The integration area is shaded and their polar boundaries are marked in the graph. Moreover, in polar coordinates $$x^2y dy dx= r^4\cos^2\theta\sin\theta drd\theta=f(r,\theta)drd\theta$$ and the integral is given as

$$\int_{\frac\pi4}^0 \int_3^{\frac3{\cos\theta}} f(r,\theta) drd\theta +\int_{\frac\pi4}^{\pi} \int_0^{3} f(r,\theta)drd\theta +\int_{\pi}^{\frac{5\pi}4} \int_0^{-\frac3{\cos\theta}} f(r,\theta)drd\theta = - \frac{81}5 $$

Remark that $x\ge \sqrt{9-x^2}$ when $\frac 3{\sqrt 2}\le x\le 3$.

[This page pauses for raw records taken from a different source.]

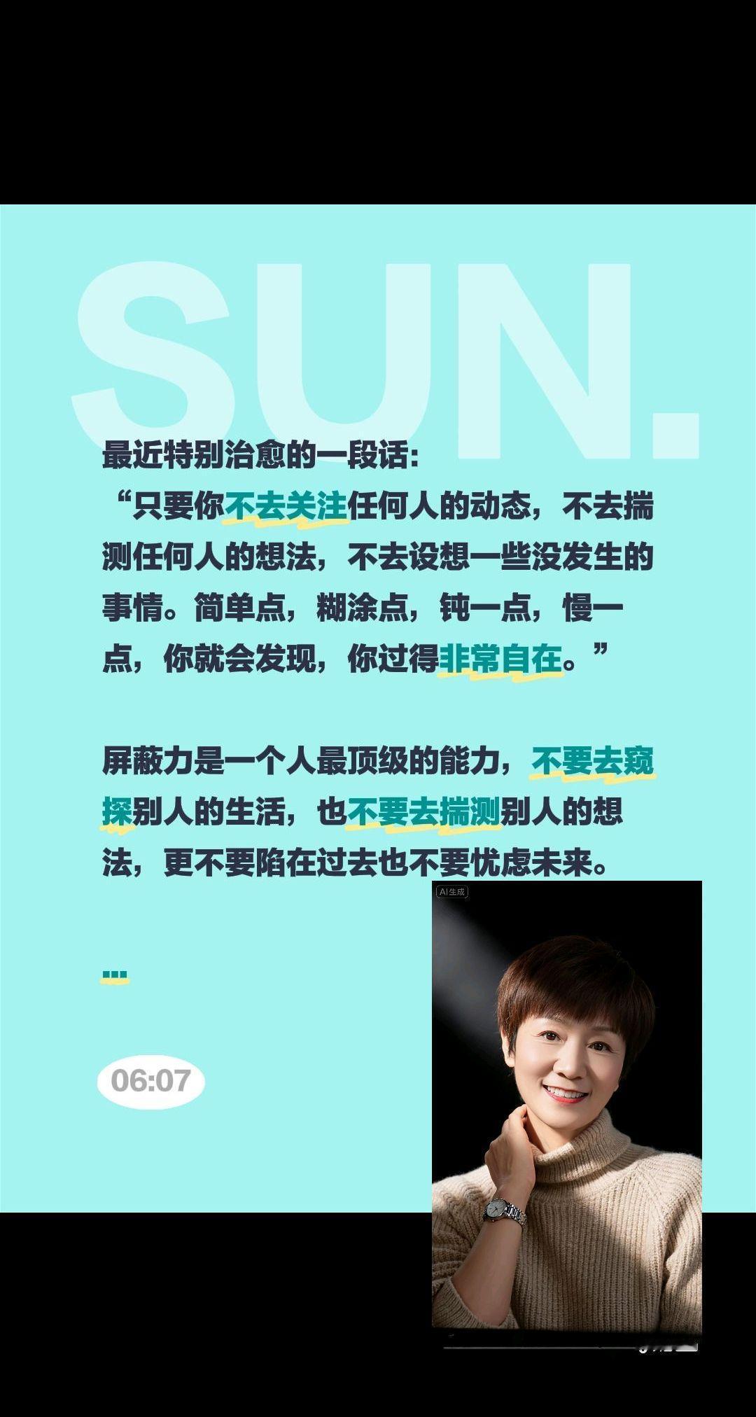 最近特别治愈的一段话: “只要你不去关注任何人的动态,不去揣测任何人的想法,不去设想一些没发生的事情。简单点,糊涂点,钝一点,慢一点,你就会发现,你过得非常自在。” 屏蔽力是一个人最顶级的能力,不要去窥探别人的生活,也不要去揣测别人的想法,更不要陷在过去也不要忧虑未来。 任何消耗你的人和事,多看一眼都是你的不对,把时间和精力还给自己,在声色名利中守住本心,在世俗目光里信步前行自愈文案 悦己越自由
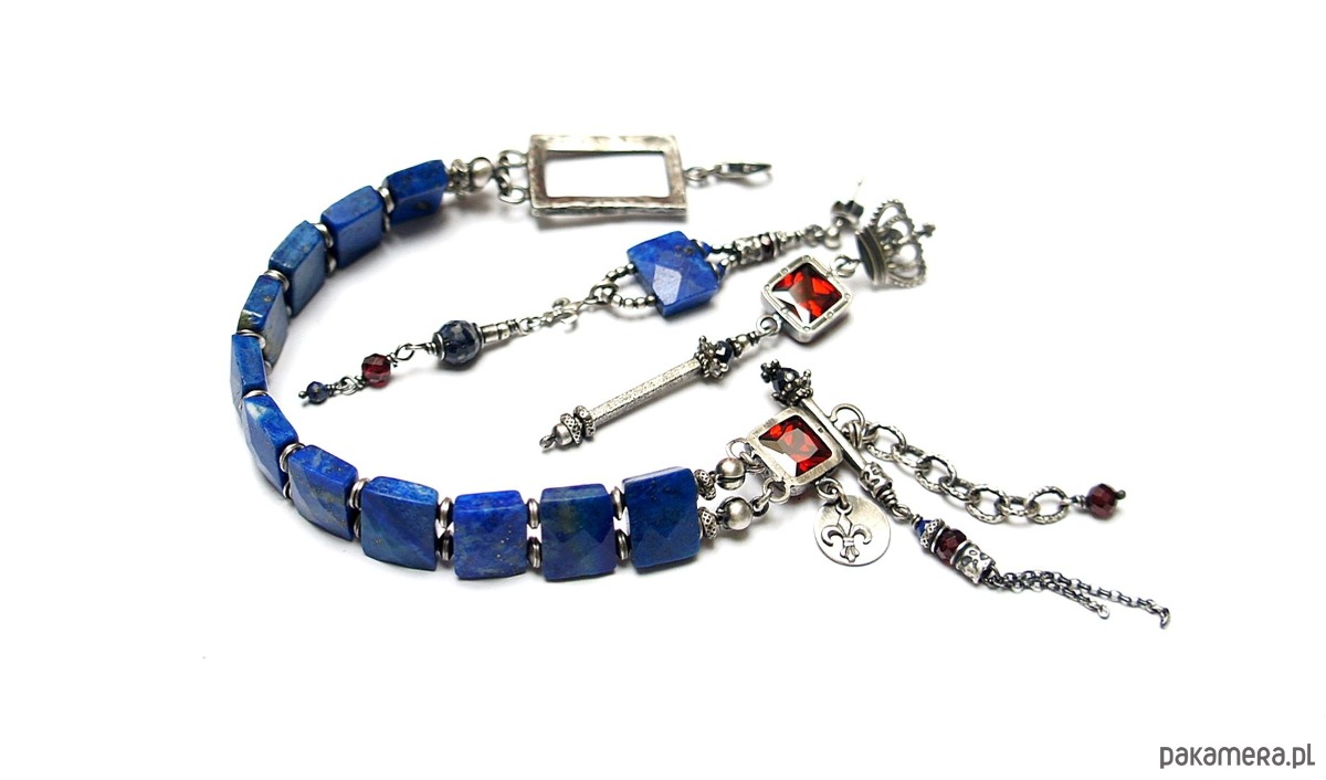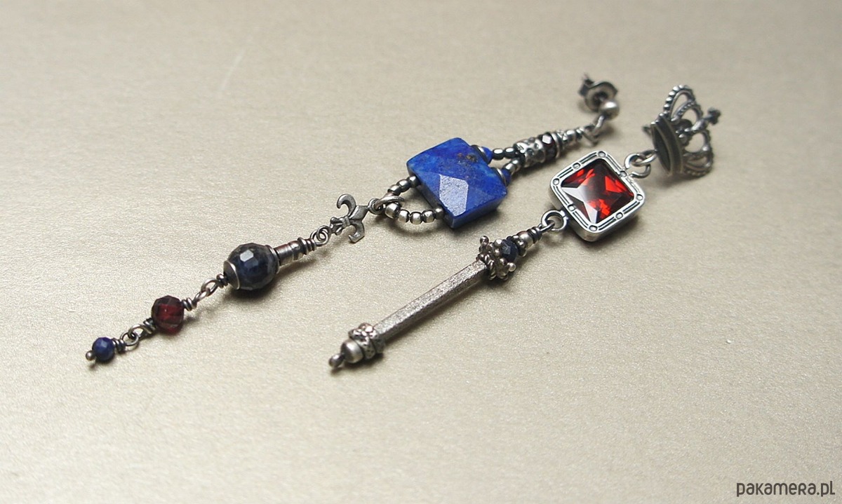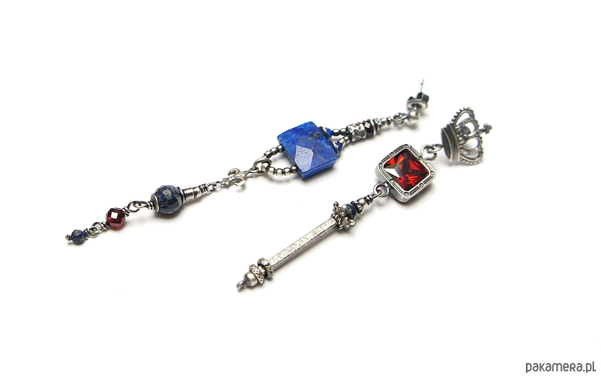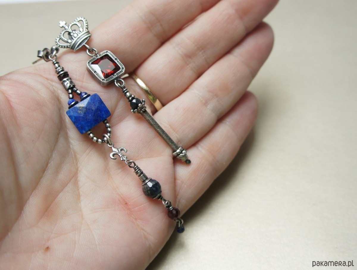 Asymetryczne kolczyki wykonane w całości ze srebra [pr. 925] w połączeniu z naturalnym fasetowanym lapisem lazuli [12mm x 9mm], fasetowanymi kuleczkami szafirów [6mm i 4mm],fasetowanymi granatami [4mm],lapisem lazuli [2mm] oraz cyrkonią [8mm x 8mm]. Całkowita długość kolczyków 8,8cm i 6,9cm. Biżuteria ozdobnie zapakowana. Do kompletu można dokupić bransoletkę przedstawioną na zdjęciach.
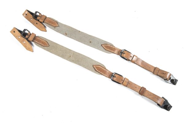 Scarce mint webbing with leather straps for the large Wehrmacht issue food container. Both straps are matching and thereby both nicely marked ftq 1943. These webbing carrying straps are virtually always missing from the food containers and are very hard to find as a spare, surely in this condition! Excellent spare set to complete a food container!
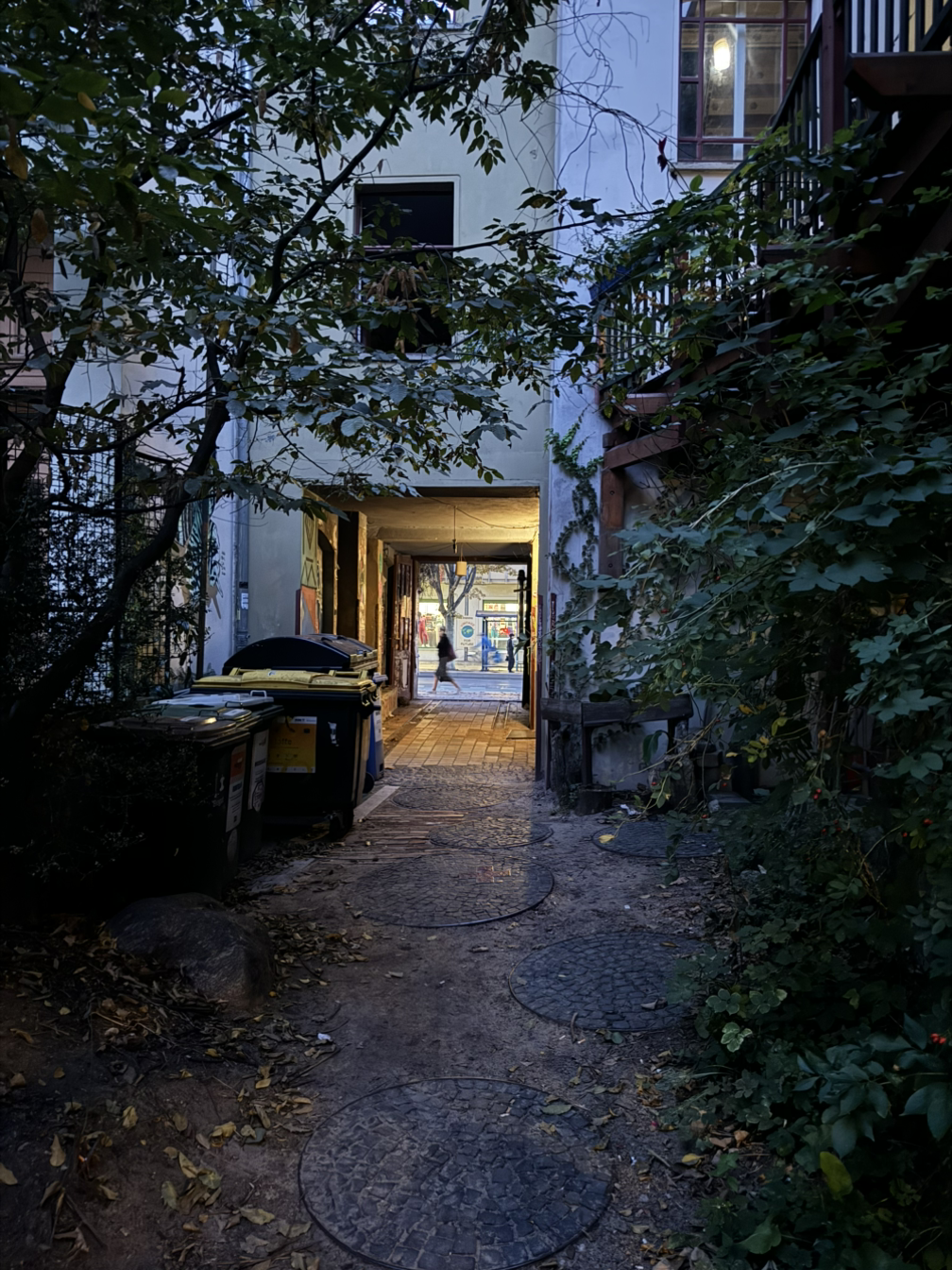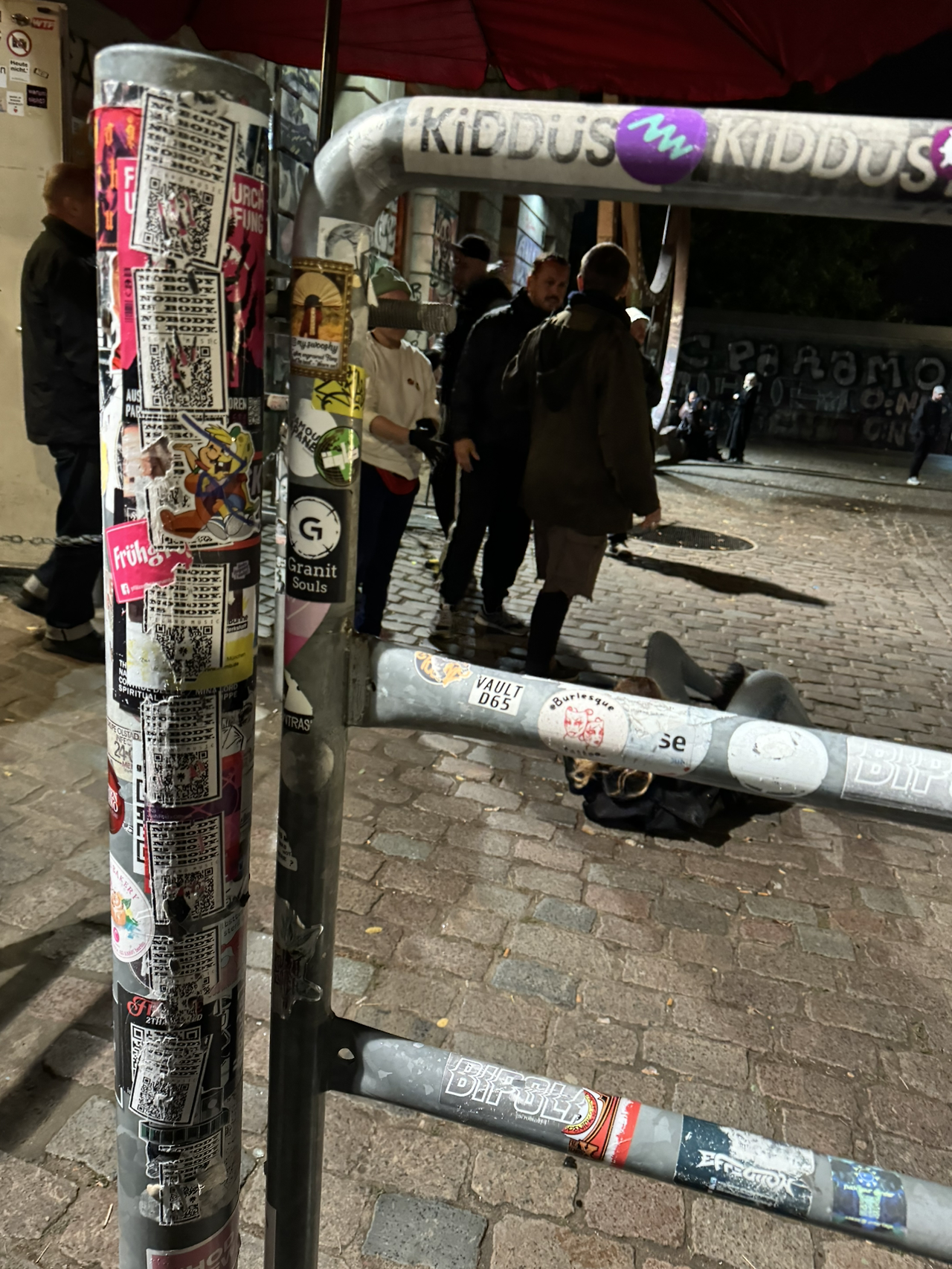나는 어쩌다가 J와 함께 그가 산다는 마우어 파크 근처의 동네를 걸었다. 며칠 전? 그러니까 베억하인에서 쫓겨나기 전 날. 정말 팬시하고 깨끗했고 레스토랑에 걸린 알전구 표면은 반짝반짝 닦여있었고 이케아 가방을 메고 카트를 미는 노숙자도 적었고 주황색 흡연 쓰레기통도 깨끗했다. 그 쓰레기통에 똥구멍 스티커는 붙어있지 않았다.

By a well-known theorem (see, for instance, [Fich, 596]), the given double integral is equal to $\int_{S} x^2y dx dy-\int_{S’} x^2y dx dy $, where $$S=\left\{(x,y)\in\Bbb R^2: -3\le x\le 3,\, x\le y\le \sqrt{9-x^2}\right\}$$ and $$S’=\left\{(x,y)\in\Bbb R^2: \frac 3{\sqrt 2}\le x\le 3,\, \sqrt{9-x^2}\le y\le x\right\}.$$

The correspondence between Cartesian coordinates $(x,y)\in\Bbb R^2$ and polar coordinates $(r,\varphi)\in\Bbb R^+\times [0,2\pi)$ is $x=r\cos\varphi $, $y=r\sin\varphi$, $$S=\{(r,\varphi): 0\le r\le 3,\, \pi/4\le \varphi\le \pi\}\cup$$ $$\{(r,\varphi): 0\le r\le - 3/\cos\varphi,\, \pi\le \varphi\le 5\pi/4\},$$ $$S’=\{(r,\varphi): 3\le r\le 3/\cos\varphi,\, 0\le \varphi\le \pi/4\},$$

and $dS=r dr d\varphi$. Thus

$$\int_S x^2y dx dy=\int_{\pi/4}^{\pi}\int_0^3 r^4\cos^2\varphi\sin\varphi dr d\varphi+$$ $$\int_{\pi}^{5\pi/4}\int_0^{-3/\cos\varphi} r^4\cos^2\varphi\sin\varphi dr d\varphi- \int_{0}^{\pi/4}\int_0^{3/\cos\varphi} r^4\cos^2\varphi\sin\varphi dr d\varphi.$$

References

[Fich] Grigoriy Fichtenholz, Differential and Integral Calculus, v. III, 4-th edition, Moscow: Nauka, 1966, (in Russian).